« C’était lors d’une projection spéciale du Ciné-Club de Laval, à la Salle André Mathieu. On avait projeté le film La donation de Bernard Émond. Il était présent dans le hall, à l’extérieur de la salle, pour répondre aux questions des spectateurs à la fin du film. On avait installé une petite plateforme sur laquelle était posée une table nappée et deux chaises pliantes noires. Deux micros étaient soutenus sur pieds, au-dessus de la table. Un pour l’animateur, un pour l’invité.
Beaucoup de gens assistèrent à cette rencontre. Une bonne partie de l’assistance étaient des étudiants du collège qui devaient probablement tous avoir à remettre un travail à propos du film dans les jours qui allaient suivre *1*. Mais ils n’étaient absolument pas les seuls à s’interroger à propos du film.
Une femme, dans la quarantaine, levant la main, n’était pas certaine de comprendre ce qui tenait du don dans ce qui arrivait au personnage à l’écran. Dans toute sa perplexité, elle avait beaucoup apprécié le film, mais elle y voyait plutôt de la résignation. Il y était question d’une femme se voyant offrir de remplacer le docteur d’un village isolé de l’Abitibi. Émond lui expliqua simplement qu’il ne s’agissait pas du tout d’une défaite, lorsqu’elle décidait de rester. C’était plutôt un don d’une valeur inestimable. Une chance de s’accomplir personnellement. Il était clair que, pour lui, son film est une critique du désengagement de chacun au profit d’un individualisme néfaste.
Bien qu’il n’en soit pas question dans le récit, Émond utilise l’imagerie chrétienne pour la rappeler à l’esprit et réaffirmer importance de la religion dans la continuité de la collectivité québécoise depuis ses origines – outre la langue.

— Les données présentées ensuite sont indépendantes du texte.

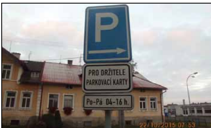
Označení parkování pro držitele parkovacích karet.

Na základě opakujících se stížností se strážníci zaměřili na parkování vozidel na parkovišti u školy u křižovatky ulic Komenského a Havlíčkova. Toto parkoviště je nařízením obce č.1/2007 o stání silničních motorových vozidel ve vymezených oblastech na území města Nýrska, mimo několika míst, vyhrazeno v době od 04:00 do 16:00 hodin pouze pro držitele parkovacích karet. Městská policie bude tolerovat pouze krátké stání vozidel rodičů přivázejících děti do školy ráno před osmou hodinou.

Un autre homme, dans la cinquantaine, se leva, au contraire de tous les autres intervenants. Il se frottait les mains l’une sur l’autre. D’un ton affirmé, il commença ainsi: Bonsoir M. Émond. D’abord, félicitation pour votre film. Il poursuivit rapidement en disant à peu près ceci : Vous parliez tout à l’heure de l’affirmation de la culture québécoise. Il en est évidemment question tout au long de votre film. Ne croyez-vous pas par contre vous contredire en utilisant le ton pieux qu’on y retrouve, ou en faisant allusion à la religion chrétienne? Madame parlait de résignation tout à l’heure. Il me semble en effet qu’il en soit question au bout du compte.

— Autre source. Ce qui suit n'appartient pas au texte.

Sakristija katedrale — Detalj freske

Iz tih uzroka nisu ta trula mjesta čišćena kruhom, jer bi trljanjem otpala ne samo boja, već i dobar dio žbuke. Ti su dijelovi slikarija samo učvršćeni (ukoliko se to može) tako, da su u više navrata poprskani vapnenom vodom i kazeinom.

Je ne me souviens plus de la réponse de M. Émond. Tout ce dont je me rappelle, c’est la fébrilité de la voix de l’homme. Il était décidé à reprocher au réalisateur de vouloir raviver le contact de ses spectateurs de la culture religieuse québécoise. Mais il avait aussi utilisé tout le respect de quelqu’un qui admire son interlocuteur. Il ne faisait aucun doute pour moi que cet homme avait été profondément touché par ce film. Ses mains s’agitaient. Il sembla perdre l’équilibre un moment, quand M. Émond voulu répondre probablement. Sa voix se voulait ferme, mais elle doutait. Malgré toute ses convictions. »
[1] Une quinzaine de ces étudiants n’avaient d’ailleurs cessé de lancer des rires incongrus tout au long du film. Ceux qui ont vu le film doivent se demander ce qu’ils pouvaient bien trouver de si drôle. Il était question d’un boulanger, visiblement amoureux d’un personnage principal du film, lui offrant une baguette bien fraiche. Toutes les allusions au pain et à sa consommation qui ont suivies ont provoqué les ricanements des étudiants. J’avais compris qu’ils voyaient dans ces répliques des analogies avec l’expression : « Mange mon pain » qui, dans la culture adolescente contemporaine, signifie quelque chose comme : « Suces-moi ». Je n’ai rien contre les réactions spontanées durant une projection, qu’elles soient convenues et partagées ou non, mais leurs rires créaient malaise dans la salle. J’ai de la difficulté à en expliquer l’origine réelle.